** DATA BLOCK follows **

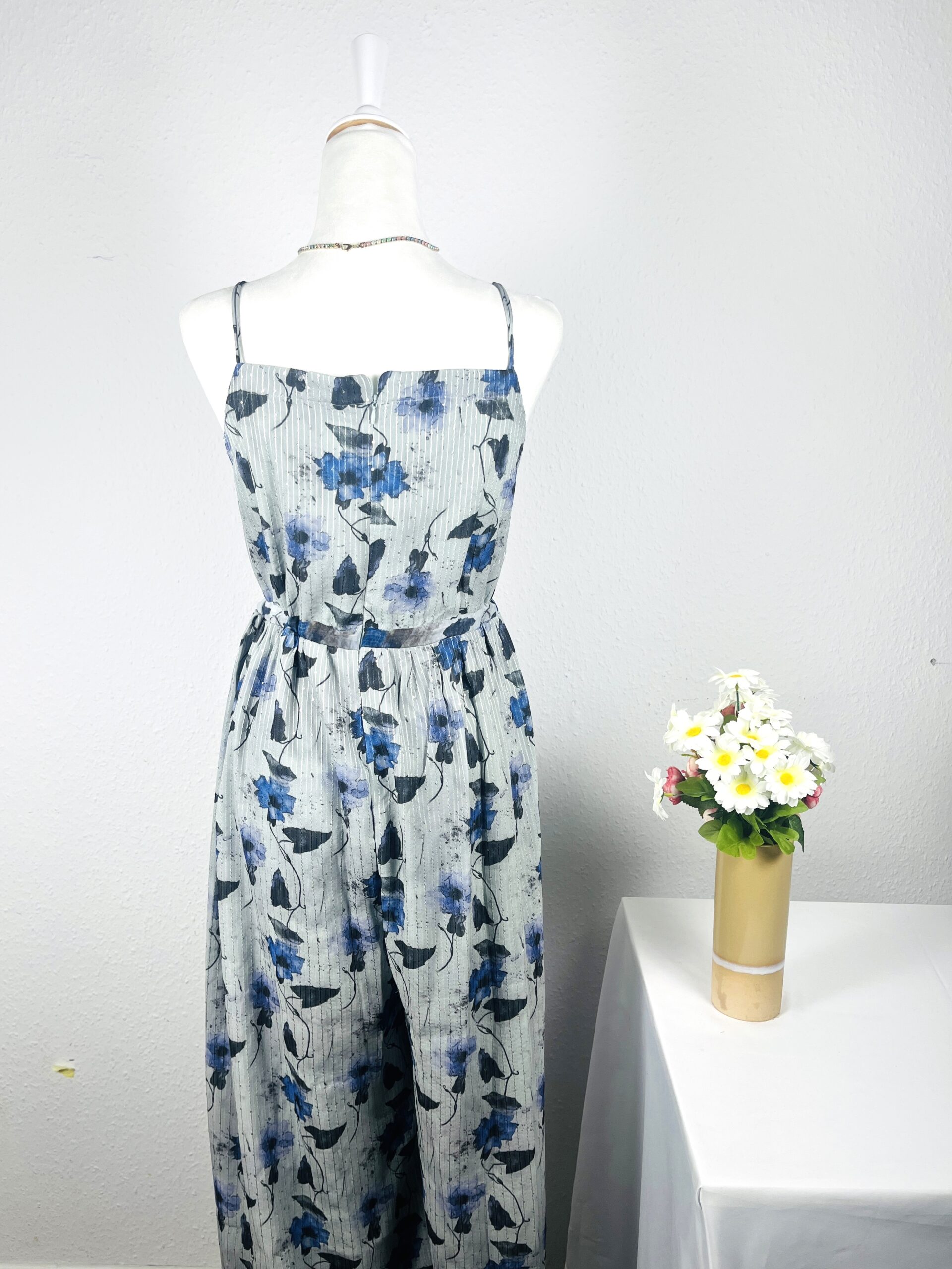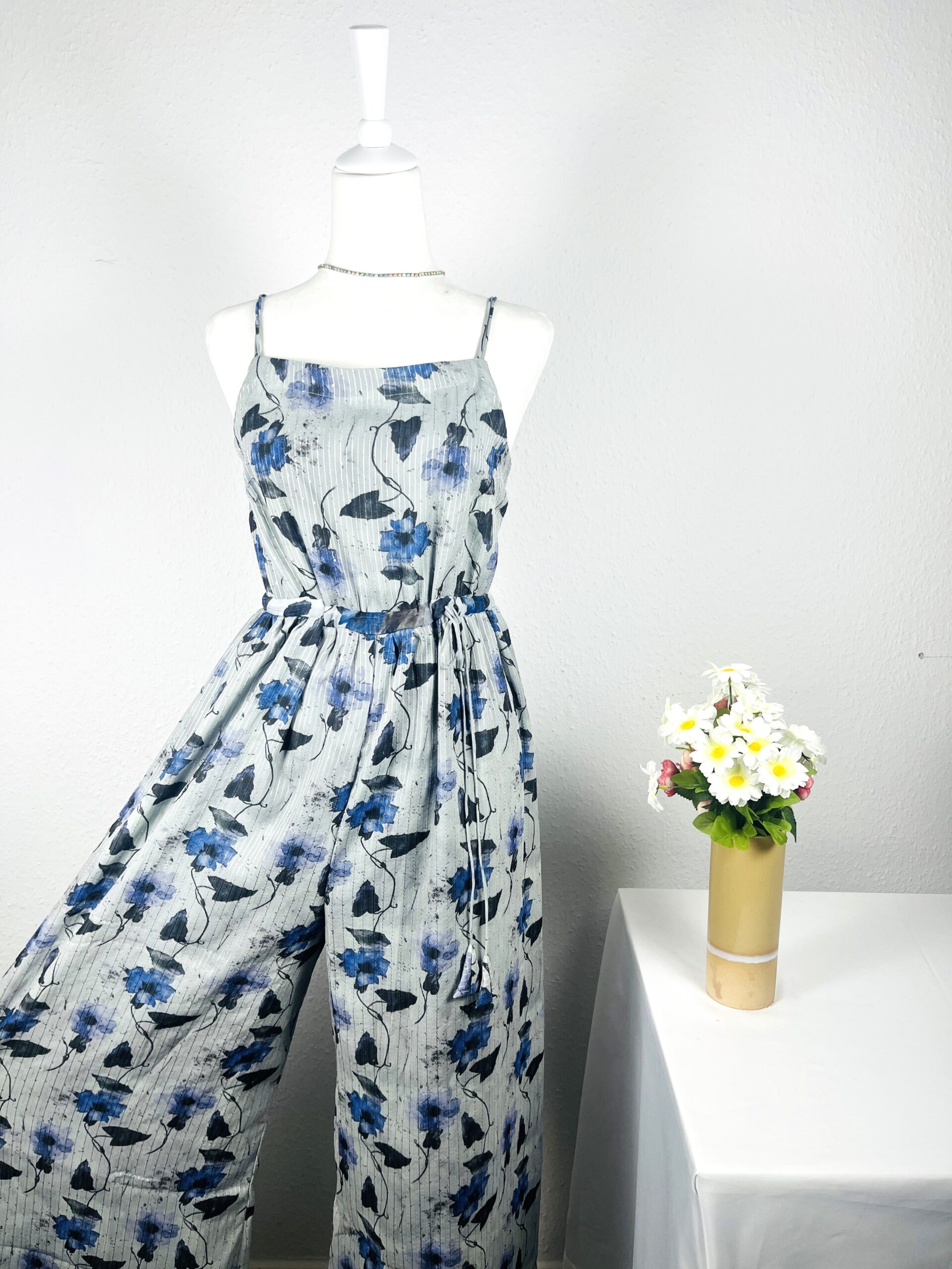 Crafted from lightweight Georgette fabric, the material ensures an airy feel and a beautiful, soft drape that flows elegantly into wide legs. The print features artistic blue and purple florals overlaying a subtle striped grey background, creating a unique, refined look. It has a contemporary square neckline with delicate spaghetti straps and a long, comfortable trouser silhouette. Fully lined for comfort and a smooth fit, the jumpsuit includes a back zip closure and an adjustable hip strap (tie), allowing you to cinch the waist for a customized and flattering silhouette.
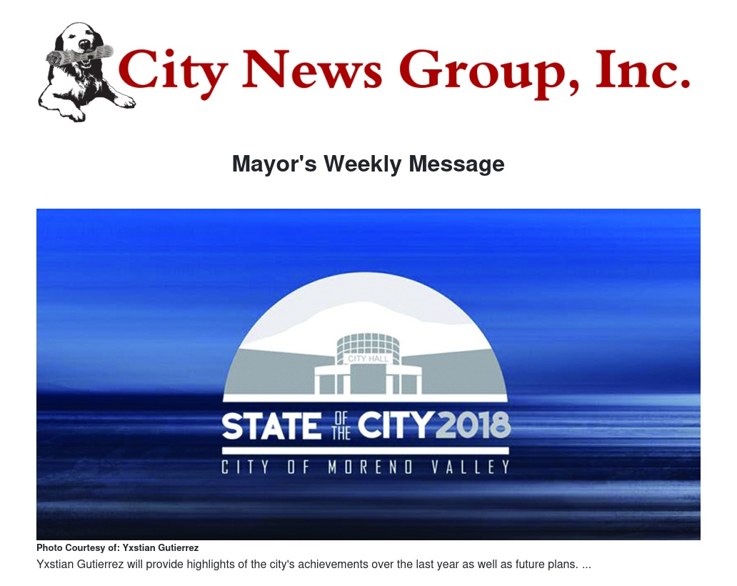 Dear Moreno Valley residents: The 2018 State of the City is next Wednesday, August 22, at the Conference and Recreation Center. Reserve your tickets for this highly anticipated event today!
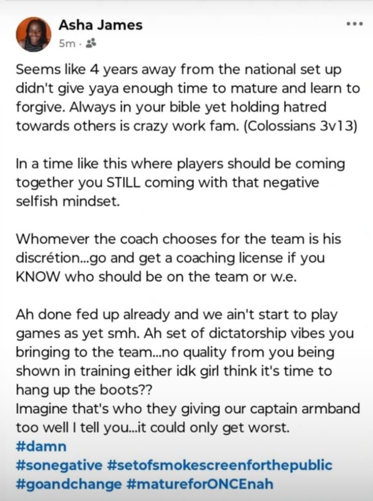 Of course, it is not James’ only seismic social media post this year. In June, the gifted midfielder slammed the Edwards-led TTFA for neglecting its women’s programme.
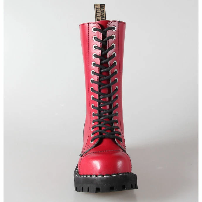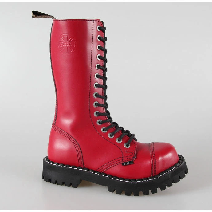 15-eyelet boots “glade” brand STEEL made of genuine leather, coated leather with solid technical printing. High-quality leather shoes! Height soles (measured at the heel) approx.: 4cm. Composition: genuine leather, synthetic leather and metal. The toe is metal reinforcement (finger protection). Color: red, black.

** End of DATA BLOCK **

*TASK PROMPT*:
Starting with the line that contains "Of course, it", repeat each line exactly until the listing ends, including the last one. Leave pictures out.

*EXERCISE RESPONSE*:
 Of course, it is not James’ only seismic social media post this year. In June, the gifted midfielder slammed the Edwards-led TTFA for neglecting its women’s programme.
 15-eyelet boots “glade” brand STEEL made of genuine leather, coated leather with solid technical printing. High-quality leather shoes! Height soles (measured at the heel) approx.: 4cm. Composition: genuine leather, synthetic leather and metal. The toe is metal reinforcement (finger protection). Color: red, black.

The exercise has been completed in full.